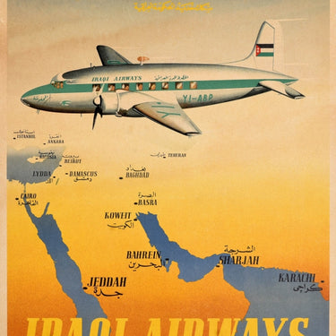 Original vintage travel poster for Iraqi Airways (founded in 1945) Iraqi State Railways (founded 1905; renamed Iraqi Republic Railways in 1956) featuring an Iraqi Airways Yi-ABP passenger plane with the 1924-1959 red, white and green flag with two white stars on a red trapezoid on its tail flying at speed over a map of the Middle East with cities from Pakistan and Saudi Arabia to Iran, Turkey and Egypt marked in English and Arabic - Karachi Sharjah Jeddah Bahrein (Bahrain) Koweit (Kuwait) Basra Cairo Lydda (Lod) Damascus Baghdad Teheran (Tehran) Beirut Nicosia Ankara Istanbul - the title text in bold Arabic and English lettering above and below. Printed in Great Britain by McCorquodale & Co Ltd London. Good condition, restored paper losses on edges, restored tears, staining, backed on linen.
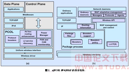有必要提供一个通用的平台来保证信息在不同协议层和实体之间传送。PACWOMAN已经将这个平台命名为PAN和CAN优化层(PCOL), 6HOP称它为无线适应框架(WAF)。PCOL是一种为PAN和CAN提出的特定解决方案,而WAF更适用于多跳环境的无线网络。图1中给出了PCOL和WAF的体系结构。
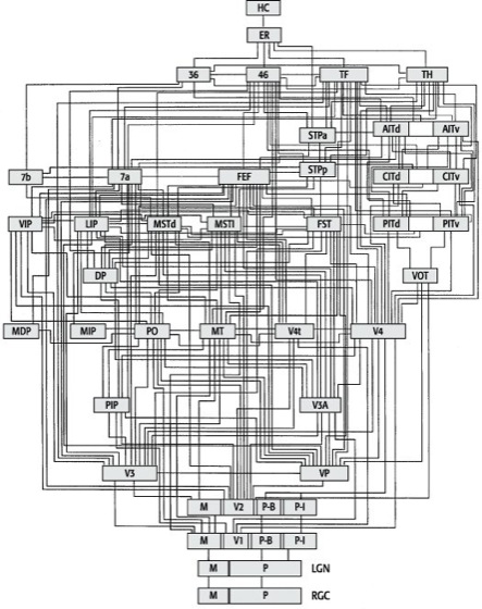 Abb. 8: Schematische Darstellung derjenigen Gebiete der Hirnrinde eines Rhesusaffen, die dem Sehen dienen. Von den retinalen Ganglienzellen (RGC) im Auge ausgehend gelangen die durch visuelle Reize induzierten Nervensignale über das Zwischenhirn (LGN) zunächst in den primären visuellen Cortex V1, um von dort in verschiedene Kanäle geleitet zu werden, die ein komplexes Netzwerk bilden, das über 30 verschiedene Hirnrindengebiete einschließt.

○ ○ ○ ○ ○

■ **Your task**:
Exact repetition of each line above is expected; images are to be omitted.

■ **Task result**:
 Original vintage travel poster for Iraqi Airways (founded in 1945) Iraqi State Railways (founded 1905; renamed Iraqi Republic Railways in 1956) featuring an Iraqi Airways Yi-ABP passenger plane with the 1924-1959 red, white and green flag with two white stars on a red trapezoid on its tail flying at speed over a map of the Middle East with cities from Pakistan and Saudi Arabia to Iran, Turkey and Egypt marked in English and Arabic - Karachi Sharjah Jeddah Bahrein (Bahrain) Koweit (Kuwait) Basra Cairo Lydda (Lod) Damascus Baghdad Teheran (Tehran) Beirut Nicosia Ankara Istanbul - the title text in bold Arabic and English lettering above and below. Printed in Great Britain by McCorquodale & Co Ltd London. Good condition, restored paper losses on edges, restored tears, staining, backed on linen.
有必要提供一个通用的平台来保证信息在不同协议层和实体之间传送。PACWOMAN已经将这个平台命名为PAN和CAN优化层(PCOL), 6HOP称它为无线适应框架(WAF)。PCOL是一种为PAN和CAN提出的特定解决方案,而WAF更适用于多跳环境的无线网络。图1中给出了PCOL和WAF的体系结构。
 Abb. 8: Schematische Darstellung derjenigen Gebiete der Hirnrinde eines Rhesusaffen, die dem Sehen dienen. Von den retinalen Ganglienzellen (RGC) im Auge ausgehend gelangen die durch visuelle Reize induzierten Nervensignale über das Zwischenhirn (LGN) zunächst in den primären visuellen Cortex V1, um von dort in verschiedene Kanäle geleitet zu werden, die ein komplexes Netzwerk bilden, das über 30 verschiedene Hirnrindengebiete einschließt.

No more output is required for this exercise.